Could you retype all of the entries exactly, without their pictures?

(Raw data Opens)

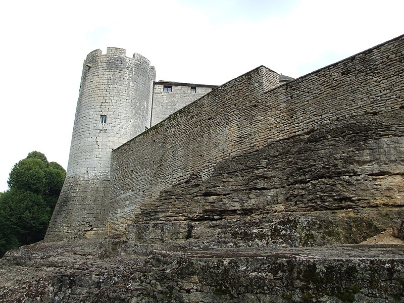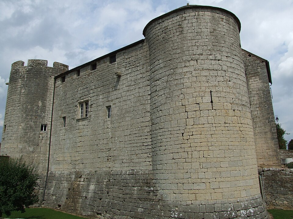 Sur le plan architectural, le château se compose d'une enceinte et d'un donjon rectangulaire cantonné de tours rondes. L'accès, anciennement au nord par un pont-levis face au village, se fait aujourd'hui à l'ouest par un couloir à ciel ouvert qui était originellement fermé par un porche à chaque extrémité. L'enceinte, divisée en deux par un fossé est-ouest, présente au nord un réduit flanqué de tours rectangulaires à contreforts d'époque romane ; au sud se trouvent l'église romane et le cimetière, encadrés par deux tours rondes à l'est et une tour carrée au sud. Le donjon, implanté à l'ouest, est cantonné de quatre tours rondes autour d'une petite tour rectangulaire et s'ouvre par une tour-porche munie d'une porte charretière. À l'intérieur, le bâtiment nord est détruit, les bâtiments est et sud ont été rebâtis ultérieurement et seul le bâtiment ouest reste d'origine ; à droite de la tour-porche, les deux premiers niveaux de ce bâtiment occidental abritent la chapelle. La tour nord-est, plus saillante, est accessible par un orifice au centre de la voûte. La cour contient une citerne et la courtine porte un chemin de ronde reliant les étages de tir des tours ; le long de la courtine nord, un bâtiment abritait jadis une grande salle et, en son angle, la tour nord-ouest comporte des latrines. La tour sud-est renferme un escalier desservant une poterne de visite des fossés et le soubassement du bâtiment sud, dont la base empiète sur la tour ; à l'est de la cour, un bâtiment pentagonal s'ouvre vers l'extérieur par deux baies géminées. Le bâtiment sud repose sur un soubassement voûté qui s'ouvre à l'est sur le fossé et sur la cour par un escalier droit ; son rez-de-chaussée abrite une grande salle et l'étage de comble donne accès au chemin de ronde. L'ensemble du château et ses douves sont classés par arrêté du 28 janvier 1930, tandis que les murs et les tours des remparts ont été inscrits par arrêté du 8 septembre 1936.
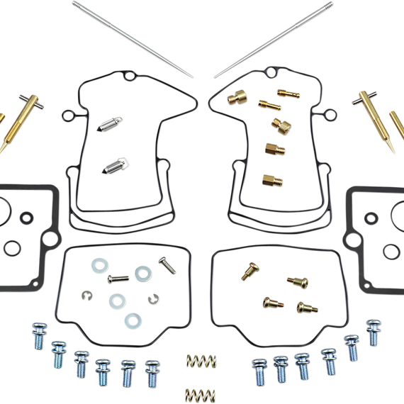 Caracteristicas: Kit includes all necessary O-rings, gaskets, jets, needle, mixture screw, float bowl screws, float valve needle and seat (needle jet and other pressed-in jets are not included in kit) NBR rubber material is used on all O-rings and rubber gaskets; NBR has excellent resistance to the ethanol used in today's fuels Applications that use paper float bowl gaskets are upgraded to High Performance Interference Gasket material Models with multiple carburetors include components to repair all carburetors OEM jet sizes and slide needles are included in the kit
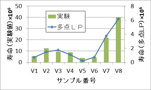 図2 多点LP法による転がり疲労寿命計算結果と実験結果(事例c3より)
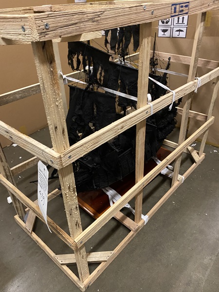 Flying Dutchman in wooden crate Dimension approx.: 35? (long) x 14.5? (wide) x 31? (high). The model is already built, NOT a model ship kit.
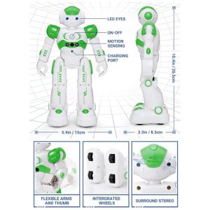 Robô MindPal com Auto-Demonstração e Olhos LED. Controle Remoto Recarregável +3 Anos Cor Verde.
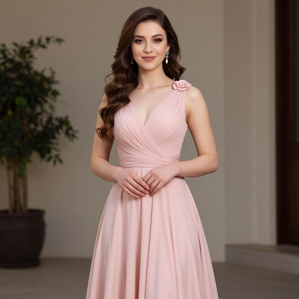 Photograph of a young woman with long, wavy brown hair, wearing a sleeveless, pale pink, V-neck ball gown with a gathered waist and a single rose embellishment on the right shoulder. She stands with hands gently clasped in front, smiling softly. Her makeup is subtle, highlighting her features with pink lipstick and dark eyeliner. She wears dangling silver earrings. The background is a softly lit indoor setting with a potted plant to the left and a white wall behind her. The dress has a flowing, elegant texture, and the overall atmosphere is sophisticated and graceful.
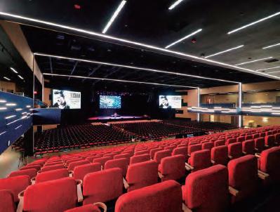 Multi-functional hall accommodating 624 people in theater style and 750 people in flat-floor style.
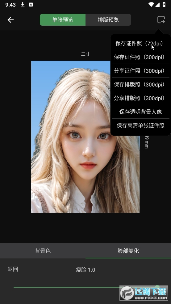 既支持单张保存排版后的证件照,也支持一次性保存所有排版后的证件照,并且还具备实时预览功能,能使用户在保存前确认最终效果。
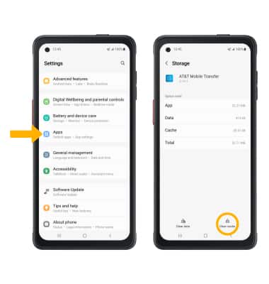 2. Scroll to and select Apps > desired app > Storage > select Clear cache.

(Raw data Closes)

The answer
 Sur le plan architectural, le château se compose d'une enceinte et d'un donjon rectangulaire cantonné de tours rondes. L'accès, anciennement au nord par un pont-levis face au village, se fait aujourd'hui à l'ouest par un couloir à ciel ouvert qui était originellement fermé par un porche à chaque extrémité. L'enceinte, divisée en deux par un fossé est-ouest, présente au nord un réduit flanqué de tours rectangulaires à contreforts d'époque romane ; au sud se trouvent l'église romane et le cimetière, encadrés par deux tours rondes à l'est et une tour carrée au sud. Le donjon, implanté à l'ouest, est cantonné de quatre tours rondes autour d'une petite tour rectangulaire et s'ouvre par une tour-porche munie d'une porte charretière. À l'intérieur, le bâtiment nord est détruit, les bâtiments est et sud ont été rebâtis ultérieurement et seul le bâtiment ouest reste d'origine ; à droite de la tour-porche, les deux premiers niveaux de ce bâtiment occidental abritent la chapelle. La tour nord-est, plus saillante, est accessible par un orifice au centre de la voûte. La cour contient une citerne et la courtine porte un chemin de ronde reliant les étages de tir des tours ; le long de la courtine nord, un bâtiment abritait jadis une grande salle et, en son angle, la tour nord-ouest comporte des latrines. La tour sud-est renferme un escalier desservant une poterne de visite des fossés et le soubassement du bâtiment sud, dont la base empiète sur la tour ; à l'est de la cour, un bâtiment pentagonal s'ouvre vers l'extérieur par deux baies géminées. Le bâtiment sud repose sur un soubassement voûté qui s'ouvre à l'est sur le fossé et sur la cour par un escalier droit ; son rez-de-chaussée abrite une grande salle et l'étage de comble donne accès au chemin de ronde. L'ensemble du château et ses douves sont classés par arrêté du 28 janvier 1930, tandis que les murs et les tours des remparts ont été inscrits par arrêté du 8 septembre 1936.
 Caracteristicas: Kit includes all necessary O-rings, gaskets, jets, needle, mixture screw, float bowl screws, float valve needle and seat (needle jet and other pressed-in jets are not included in kit) NBR rubber material is used on all O-rings and rubber gaskets; NBR has excellent resistance to the ethanol used in today's fuels Applications that use paper float bowl gaskets are upgraded to High Performance Interference Gasket material Models with multiple carburetors include components to repair all carburetors OEM jet sizes and slide needles are included in the kit
 図2 多点LP法による転がり疲労寿命計算結果と実験結果(事例c3より)
 Flying Dutchman in wooden crate Dimension approx.: 35? (long) x 14.5? (wide) x 31? (high). The model is already built, NOT a model ship kit.
 Robô MindPal com Auto-Demonstração e Olhos LED. Controle Remoto Recarregável +3 Anos Cor Verde.
 Photograph of a young woman with long, wavy brown hair, wearing a sleeveless, pale pink, V-neck ball gown with a gathered waist and a single rose embellishment on the right shoulder. She stands with hands gently clasped in front, smiling softly. Her makeup is subtle, highlighting her features with pink lipstick and dark eyeliner. She wears dangling silver earrings. The background is a softly lit indoor setting with a potted plant to the left and a white wall behind her. The dress has a flowing, elegant texture, and the overall atmosphere is sophisticated and graceful.
 Multi-functional hall accommodating 624 people in theater style and 750 people in flat-floor style.
 既支持单张保存排版后的证件照,也支持一次性保存所有排版后的证件照,并且还具备实时预览功能,能使用户在保存前确认最终效果。
 2. Scroll to and select Apps > desired app > Storage > select Clear cache.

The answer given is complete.